It is believed among people that only visiting doctor can make them feel better and do not look after themselves which causes problems not only with health, but also with finance. People should stop going to doctor whenever they feel bad and start taking care on their own.
To start with, nowadays a lot of people became more stressful and they started afraid of usual thing such as illnesses. This fear can come from different places and the most common is social media where there are both useful and harmful information about every single topic and theme about health is the most widespread. People see videos, images and advertisements where there is information which can provide fear of usual things. And because of the health topic is the most popular, some individuals rely their health on doctors because they have a dread of make their health worse. However, relying the whole health on doctors instead of dealing with problems on their own can affect on finance because every time they visit doctor, they pay for it, moreover, in some places it is very expensive. Regular visits to doctor can make your money literally disappear and you will not understand it until you spend them all on doctors.

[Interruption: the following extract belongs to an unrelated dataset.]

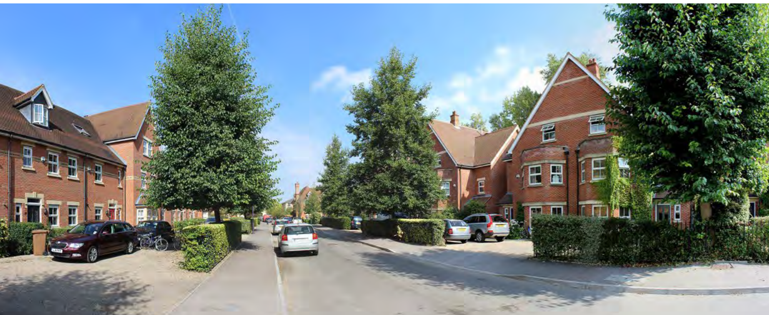
Oxford Waterside, Jericho, Berkeley Group

BfL12's questions were created to help designers and non-designers to work better together and create better places. BfL12 is primarily a discussion tool – a framework around which issues and ideas can be explored. BfL12 therefore works best if used at the start of the planning process. BfL12 is not designed to be used in isolation as an assessment tool once a planning application has been submitted. If BfL12 has not been used throughout the planning process we do not support its use as a justification for the refusal of a planning application. Likewise, if BfL12 has not been used by a developer at the inception stages of a proposed development and throughout the pre-application process, it should not be used to support an application.

To find a solution, it is important to know where does the problem come. According information mentioned earlier, which proved why people start relying their health on doctors, government encourage to do not believe in everything they see in social media and make an education of healthcare much important at schools. For instance, if a woman who regularly visits doctor would see this “propaganda” from government or even from usual people, it can make her stop visiting doctor every time and starts do it herself. Moreover, they can be taught it from childhood at school which will definitely impact in their future life.
To sum up, can get finance problems only because they go to doctor every time they feel bad. To solve it, they should be motivated to take care on their own and also taught usual things in their childhood.
The essay is logically organized and the progression of ideas is clear. However, there are some issues with the use of cohesive devices and the overall cohesion of the essay. The essay follows a logical structure, but the connection between some ideas and paragraphs could be improved. The introduction sets up the topic well, but the transition to the body paragraphs is a bit abrupt. Clearer topic sentences and more explicit transitions would help guide the reader through the essay. Additionally, the conclusion could be more comprehensive, summarizing the main points and reinforcing the overall argument.
Suggestions
- Use a variety of cohesive devices to ensure smooth transitions between ideas.
The essay demonstrates a good command of a broad lexical resource. However, there are a few instances of awkward or incorrect word choice. The essay demonstrates a good range of vocabulary, but there are some instances of awkward or incorrect word choice. For example, “the most common is social media where there are both useful and harmful information” could be rephrased as “a major source of fear is social media, which contains both beneficial and harmful information.” Improving the precision and appropriateness of vocabulary will enhance the clarity and professionalism of the essay. Additionally, ensuring correct spelling and grammar usage will improve the overall quality of the writing.
The essay uses a mix of simple and complex sentence forms and there is a good range of structures. However, there are several grammatical errors that hinder the overall clarity of the writing. The essay contains several grammatical errors that affect the clarity and readability of the text. These include issues with subject-verb agreement, tense consistency, and preposition usage. For example, “a woman who regularly visits doctor” should be “a woman who regularly visits a doctor.” Paying closer attention to grammatical accuracy, including correct verb forms and preposition usage, will improve the overall quality of the essay.
The essay addresses the task effectively, presenting a clear position throughout the response. However, the argument could be more fully developed and supported with specific examples. The essay effectively addresses the prompt by discussing the overreliance on doctors for health issues and the importance of self-care. The writer presents a clear position and supports it with relevant arguments. However, the essay could benefit from more specific examples to illustrate the points more effectively. The conclusion effectively summarizes the main points but could be more comprehensive.
Suggestions
- Include more specific examples to support your arguments.